Local cities on board with recreational marijuana include Oakland and Santa Cruz, one of the state's "cannabis capitals," according to the hometown Sentinel newspaper, as well as San Jose, which 3½ years ago had some 90 medical marijuana dispensaries, according to the San Jose Mercury News, before the city enacted a stringent permit law.
Los Angeles and San Diego are reportedly on board as well, but others, such as San Francisco, are lagging or purposefully taking it slowly, to see how things go in other cities. Cities including Walnut Creek, Piedmont and Fremont have said outright they won't allow pot sales. Bottom line: The vast majority won't have a procedure in place on Jan. 1, meaning no retail pot sales – yet. (Make sure you check out your city's rules.)
In ready-to-go Oakland, city council member Rebecca Kaplan has been pushing hard to make sure everything is rolling along smoothly.
As with many people active in efforts to legalize pot, for Kaplan it's a social justice issue. She said that laws against marijuana are part of a war on drugs initiated by the Nixon administration to deliberately attack communities of color. (Richard Nixon's aide John Ehrlichman said the policy was explicitly designed to be anti-black and anti-left, according to a 2016 article in Harper's magazine.)

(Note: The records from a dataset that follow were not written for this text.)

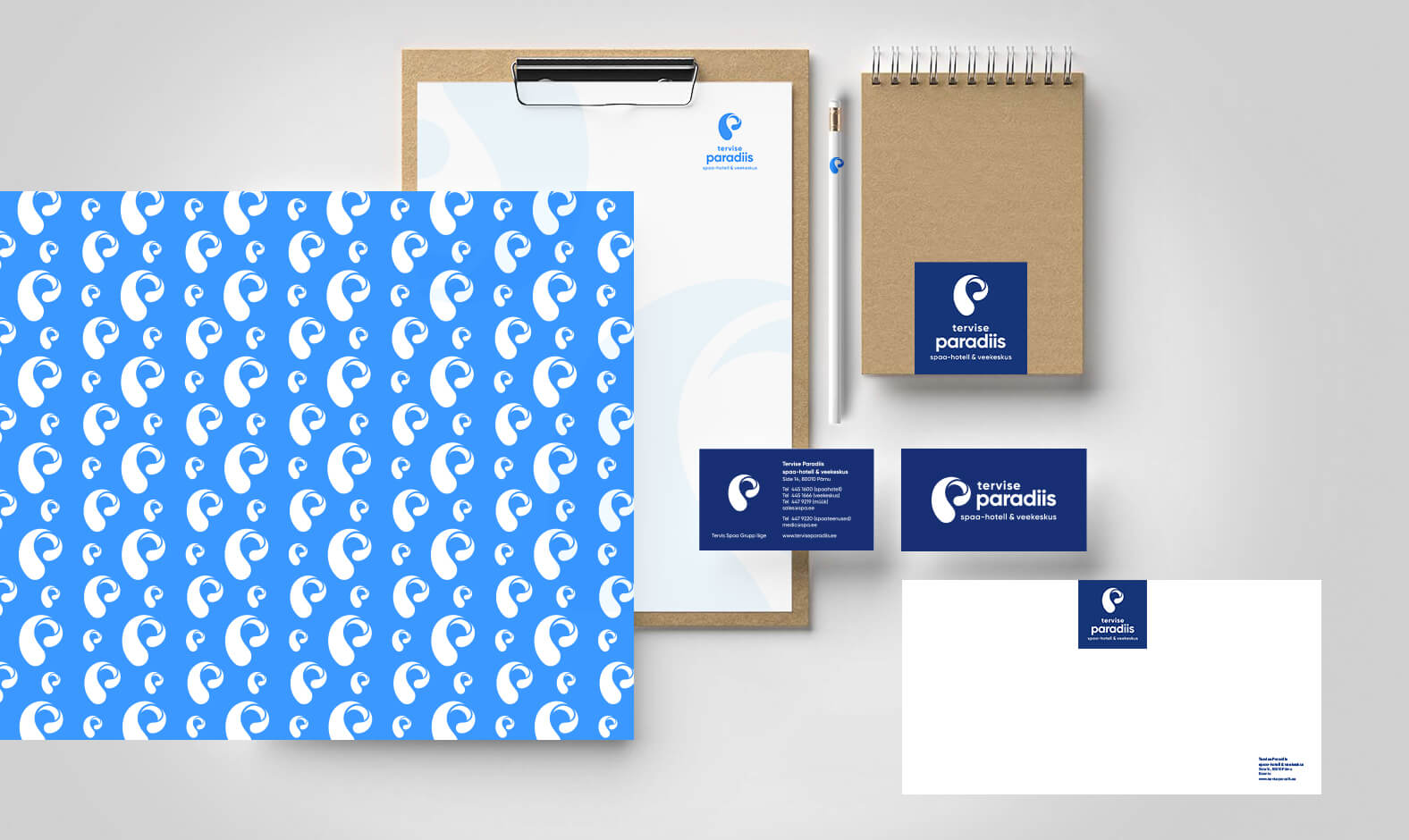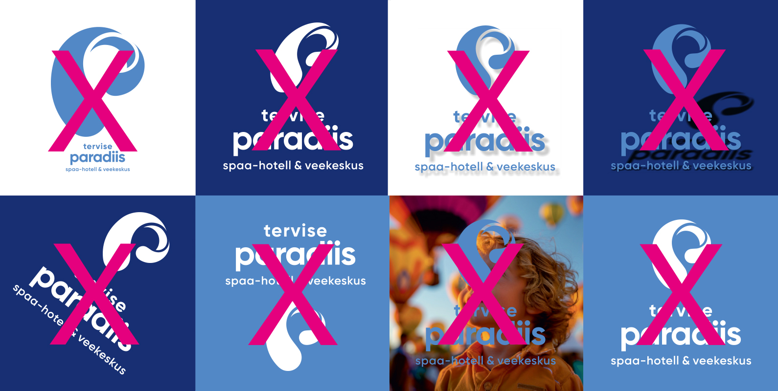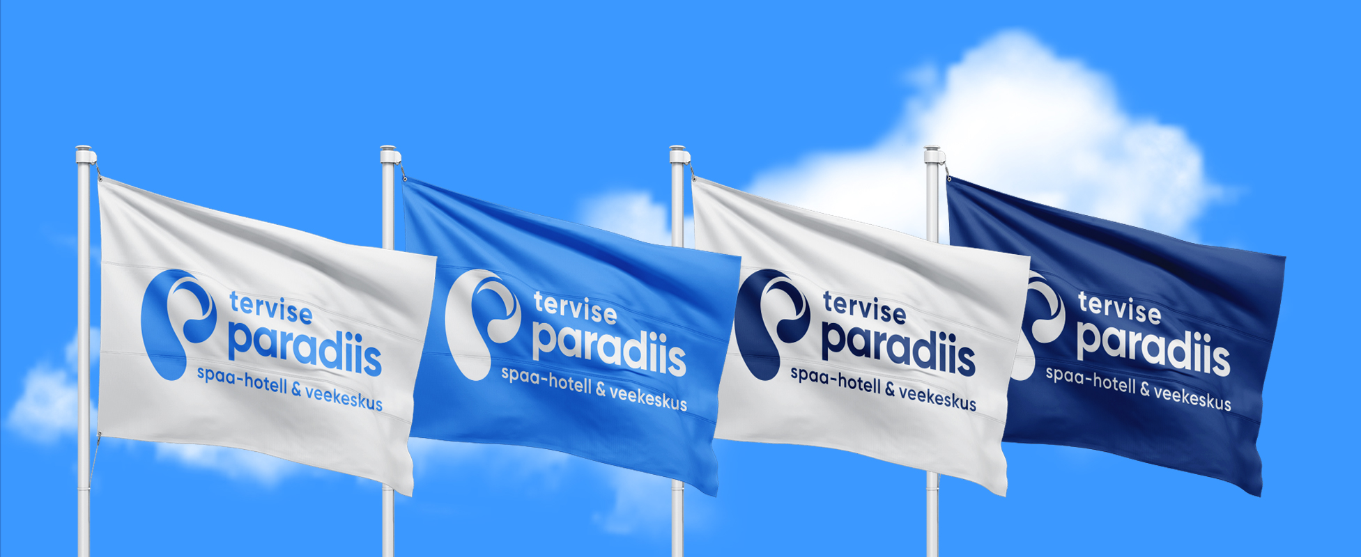 Tervise Paradiisi logo koosneb märgist ja tekstiblokist. Logo märk esitab p-tähe kujulist vee liikumist. Logo märk esitab p-tähe kujulist vee liikumist ja annab visuaalselt edasi veele omistatavaid selliseid omadusi nagu värskus, selgus, muutumine, tervis, erksusus, energia ja plastiline liikumine. Seda sõnumit toetab omalt poolt ka korporatiivsete värvide kasutus koos valgega.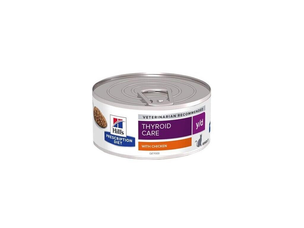 Hill's PRESCRIPTION DIET y/d krmivo pre mačky s kuracím mäsom je kompletné diétne krmivo na zníženie obsahu jódu v krmive v prípade hypertyreózy u dospelých mačiek. Toto krmivo obsahuje obmedzené množstvo jódu.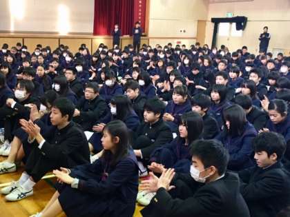 校長先生の話は「成人式」についてです。昨日は西淀川区でも新成人を祝って「成人の日のつどい」が西淀川区民センターで開催されました。昨年、6月の国会で「18歳成人法」が可決しました。実際の運用は2022年4月からとなり、現在の中学2年生・3年生が20歳を前に成人式を迎えます。成人といってもタバコやお酒は20歳まで認められませんが、結婚が親の承諾がなくてもできるなど、成人として大きな責任が生まれます。今から、大人になるための準備をする必要があります。
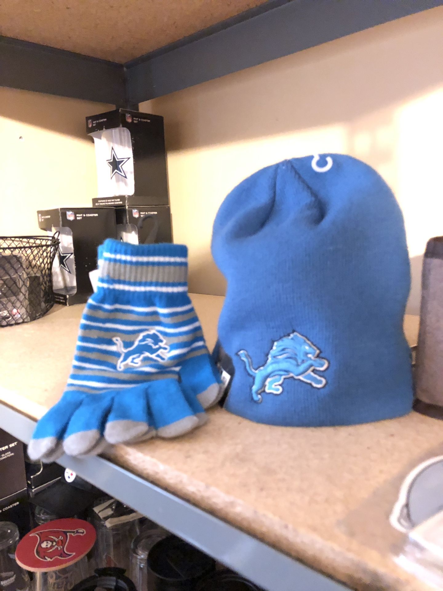 Detroit Lions beanie and gloves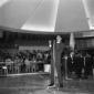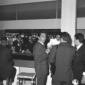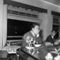 Becaud conversa con una donna (forse la moglie) all'aeroporto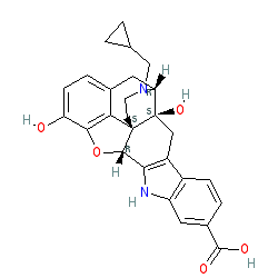 | SMILES | O=C(O)c1ccc2c3c([nH]c2c1)[C@@H]1Oc2c(O)ccc4c2[C@@]12CCN(CC1CC1)[C@H](C4)[C@]2(O)C3 |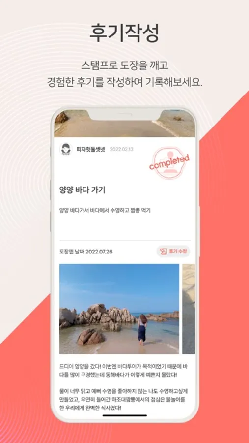 SNS의 핫플레이스, 취향 저격 음식들, 위시리스트, 버킷리스트 등 경험해 보고 싶어 마구마구 저장했던 목표를 카드로 정리하고 하나씩 도장 깨듯 이루어 가는 것을 ‘도장깨기’가 도와드립니다.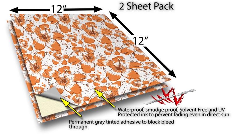 WraptoSkinz™ skin vinyl craft sheets are printed using superb photo quality designs and vibrant colors printed with special UV Protected fade resistant inks that last even in direct sun for years. Unlike other brands our inks are NOT solvent based. WraptorSkinz are a manufactured from professional grade 3mill vinyl. These sheets are waterproof, the designs will not run or smear even if submerged in water.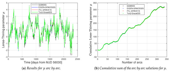 Comparison of the results obtained for the Lense-Thirring parameter from the solution of the system of Equation (7) for the four gravitational fields models considered in the present analyses. (a) The results for the mean value of is the same (after rounding) for the three models we considered in addition to GGM05S: (at a 95% confidence level), again with a standard deviation of about 1.20. (b) The results for the slope obtained for the three additional models (EIGEN-GRACE02S, ITU_GRACE16 and Tonji-Grace02s) are shown in Table 4.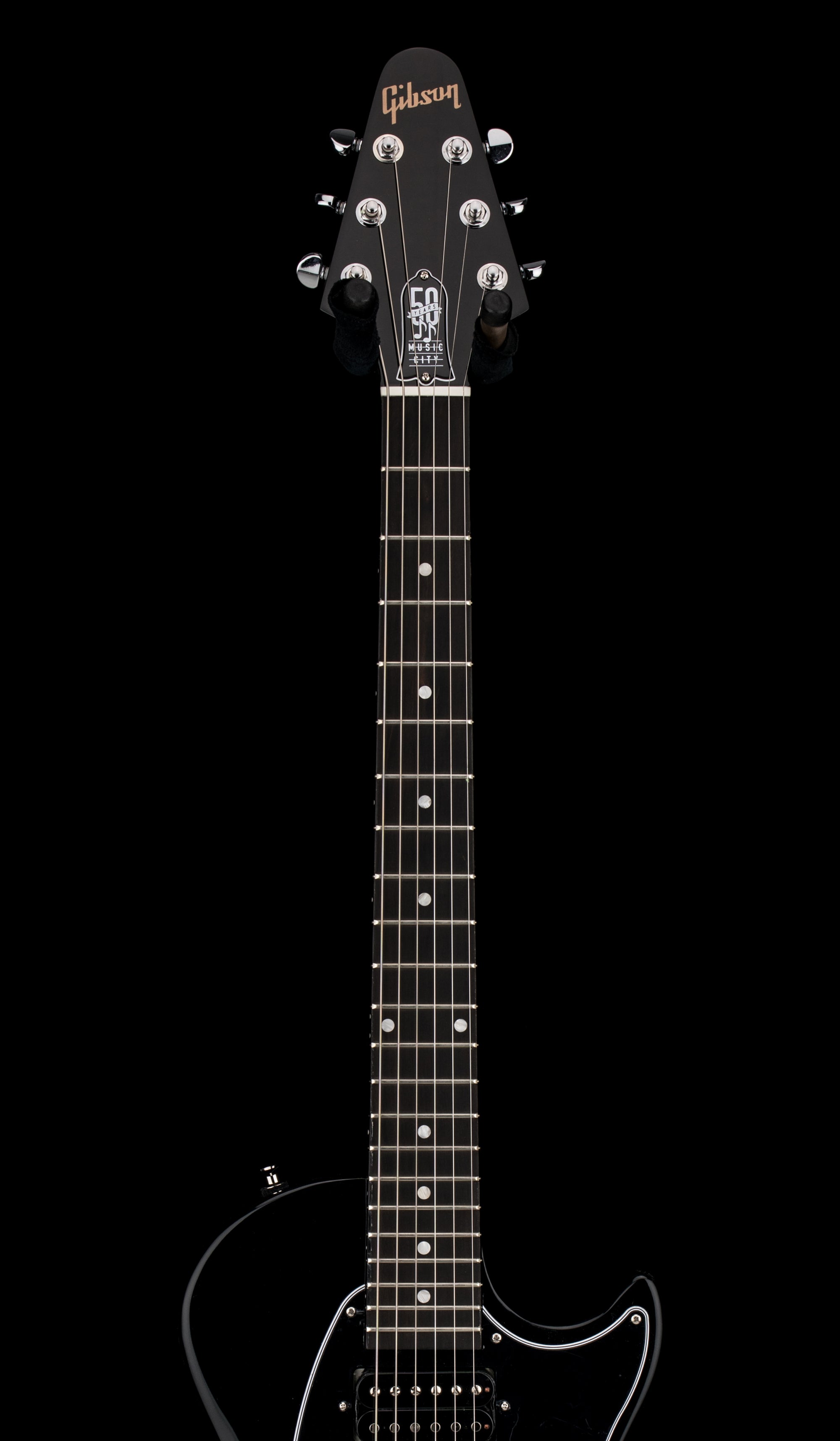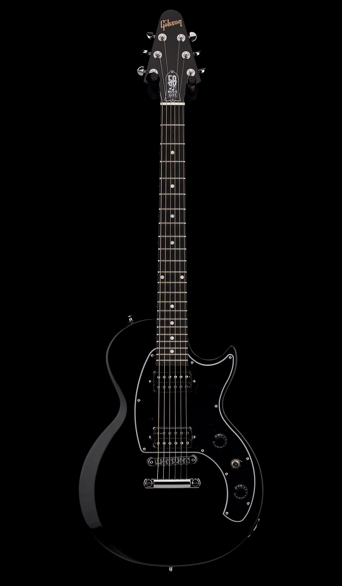 The Les Paul™ Music City Special – 50th Anniversary is an updated, modern twist on two historical Gibson models, taking much of its inspiration from the 70s-era Marauder with a touch of the Music City Junior in its DNA. Over the years, the Marauder has been used by artists from Adam Jones to Paul Stanley. This unique commemorative model pays tribute to the early days of Gibson’s Nashville production and celebrates Gibson’s 50 years of producing world-class guitars in Music City while delivering outstanding value to modern players. The lightweight, contoured body is solid poplar. The maple neck has a fast-playing and comfortable SlimTaper™ profile and is equipped with a striped ebony fretboard that is adorned with acrylic dot inlays and outfitted with 22 medium jumbo frets. The 12” fretboard radius makes first-position chords and string bends higher up the fretboard equally effortless. The hardware is chrome-plated, including the Nashville Tune-O-Matic™ bridge, aluminum Stop Bar tailpiece Grover® Mini Rotomatic® tuners, and output jack plate cover. A black 5-ply pickguard holds two Gibson 70s Tribute humbucker™ pickups, which are wired to an intuitive and comfortable control layout consisting of master volume and master tone controls with black Top Hat knobs and a three-way pickup selector toggle switch. A premium soft shell case is included to keep the Les Paul Music City Special - 50th Anniversary safe when stored or in transport. The Les Paul Music City Special - 50th Anniversary is available in Ebony, Wine Red, and Tobacco Burst gloss nitrocellulose lacquer finishes, and each has a commemorative 50th Anniversary truss rod cover. The Les Paul Music City Special - 50th Anniversary model is limited to only 650 instruments in each of the three colors, so make sure you get your favorite while you still can!

"It's important to understand the history of marijuana law as the history of overt prejudice," she said.
Kaplan is looking to rectify that. The former Orthodox day school student says her position is in line with Jewish teachings. She cites the Maimonides directive that says the most important mitzvah is getting prisoners out of jail, or redeeming captives: pidyon shvuyim.
Under rules passed by the Oakland City Council on Nov. 28, with amendments authored by Kaplan, not only will Oakland be ready to start issuing city licenses next month, but 50 percent of them will be reserved for groups understood to have been unfairly burdened by past drug laws pertaining to marijuana – meaning primarily low income and African American residents. People approved for these permits also will get low-interest loans, business assistance and fee waivers. "Can Oakland Help Solve the Weed Industry's Diversity Problem?" was how a July headline in Rolling Stone put it.
"That is also why it's so important for Jews and all people of conscience to work to end marijuana prohibition," Kaplan said.
Longtime Bay Area drug reform activist Mikki Norris agrees. In an opinion piece in J. supporting last year's vote on the Adult Use of Marijuana Act (Prop. 64), Norris wrote of the Jewish people, "Our religious tenets, culture and shared history give us a special sensitivity and an understanding that working against social injustice and for human and civil rights is the right thing to do.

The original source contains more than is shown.